There is no shortage of veterinarians for house pets, but in some rural areas of the United States there aren’t enough veterinarians to go around for livestock. A program called Vet Camp at the Iowa State Fair recognizes this problem and it is doing something to encourage youth to explore veterinary medicine on the farm as a career.
In a small air conditioned room at the Jacobson Exhibition Center, seven children are watching a video of a cow undergoing a cesarean section. It shows a doctor stitching layers of the cow from the incisions after the calf is delivered. The kids, age 11 through 18, are here for a series of lectures and demonstrations in two hours led by veterinarians who are volunteering their time at the fair.
Emily Wynn is the Agriculture Education Coordinator for the Iowa State Fair. She says part of the camp deals with dogs and cats because it is often a starting point for kids to learn about other animals like pigs, cows, and horses. “There’s a lack of large animal vets across the country,” says Wynn. “Even kids who might not have grown up with large animals or farm animals, it shows that you know there is that option and those animals do exist and they need veterinary care also.”
The camp is divided into three sections. After the section about birth, the children move to another teacher to learn about stitching a wound. Because they can’t use live animals, they practice on bananas. They start by making a cut on the exterior of the fruit, then carefully thread the simulated wound with a real suture needle as a vet provides guidance.

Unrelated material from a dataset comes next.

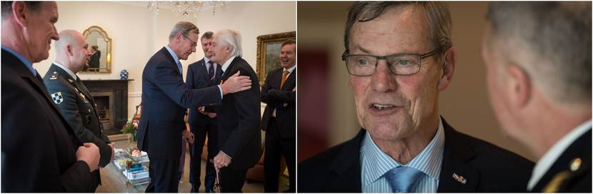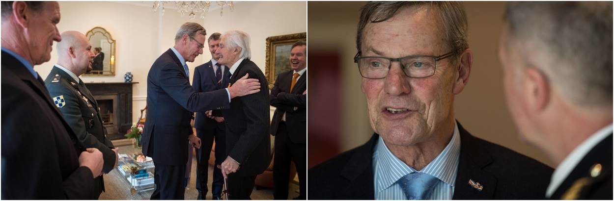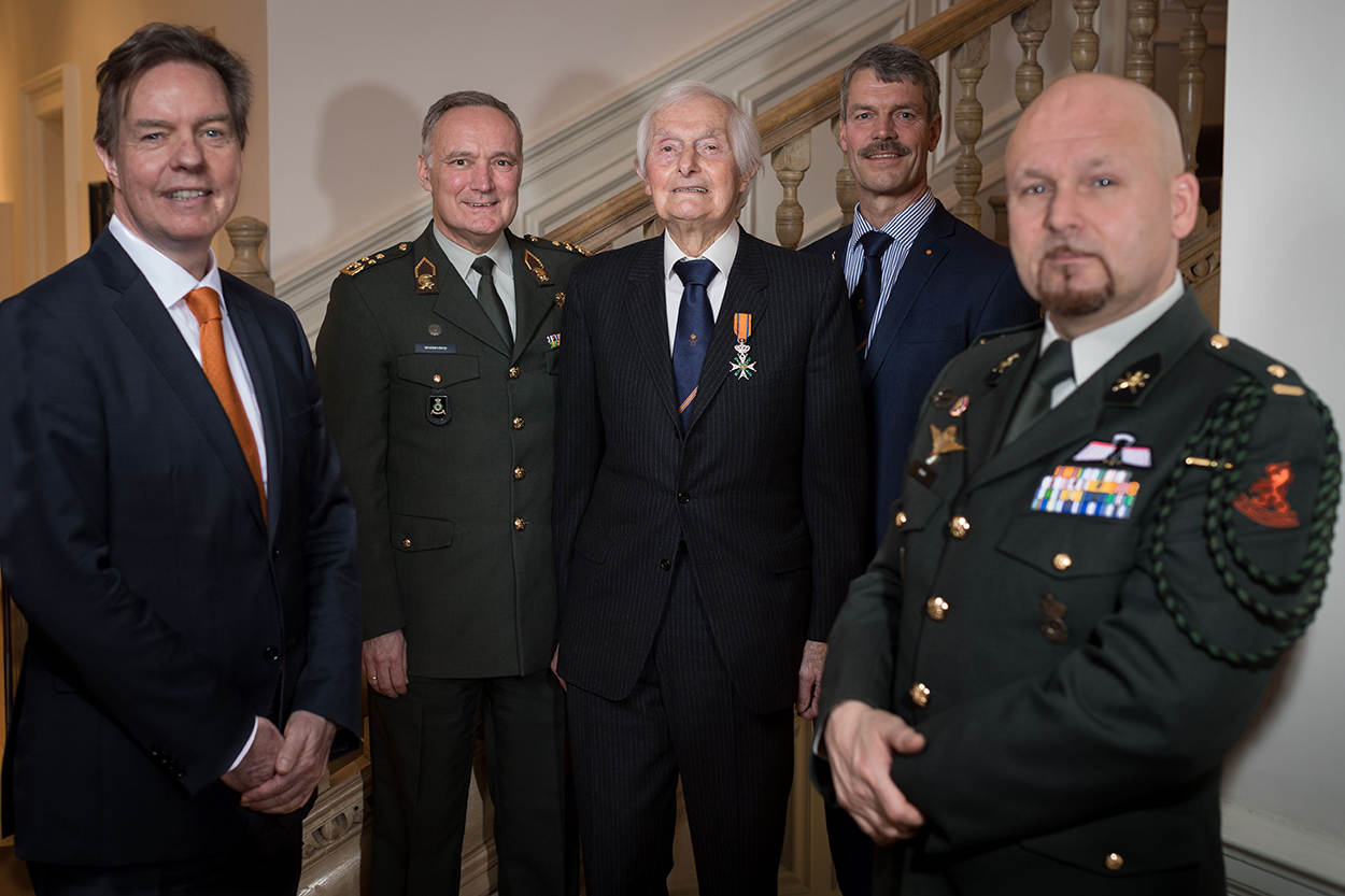 Foto boven: Ambassadeur Simon Smits, generaal Tom Middendorp, Ridder MWO Ken Mayhew, voorzitter van het Kapittel der Militaire Willems-Orde generaal-majoor buiten dienst Henk Morsink en Ridder MWO majoor Marco Kroon.

14-year old Colin Kirk says it wasn’t easy getting started, but “After the second one or so I kinda got it down after they gave me a couple tips or whatever,” says Kirk. When asked if he wants to do this on a living being some day he laughs and says “I might.”
Dr. Troy Brick is an assistant professor at Iowa State University’s College of Veterinary Medicine and says his industry benefits when youth are put in a demonstration program like Vet Camp. “Over time after being involved in the camp then they start to think, you know this is some- do I... am I really interested,” says Dr. Brick. “That interest is either gonna build or they’re gonna decide there’s another direction they wanna go. And I think it’s that way with just about any profession, but I see the veterinary profession in Iowa is really still a product of starting at a young age, and you can build it all the way through.” Dr. Brick says, one of his students attended a state fair Vet Camp years ago and it made her want to be a veterinarian even more.
State fair Ag Education Coordinator Emily Wynn says while this program is popular, they are only able to do 12 vet camps during the fair with 20 students each. “I think there’s a lot of people that want us to make it bigger,” says Wynn. “It’s just hard to get those volunteers so if there are vets, vet techs, vet students that are interested, we are more than willing but it’s kinda- we’re kinda limited on the amount of Vet Camps we can have based on the amount of volunteers to help instruct.”
Registration for next year’s camp begins in the spring and if response for 2016 is anything like this year, enrollment will be filled by May.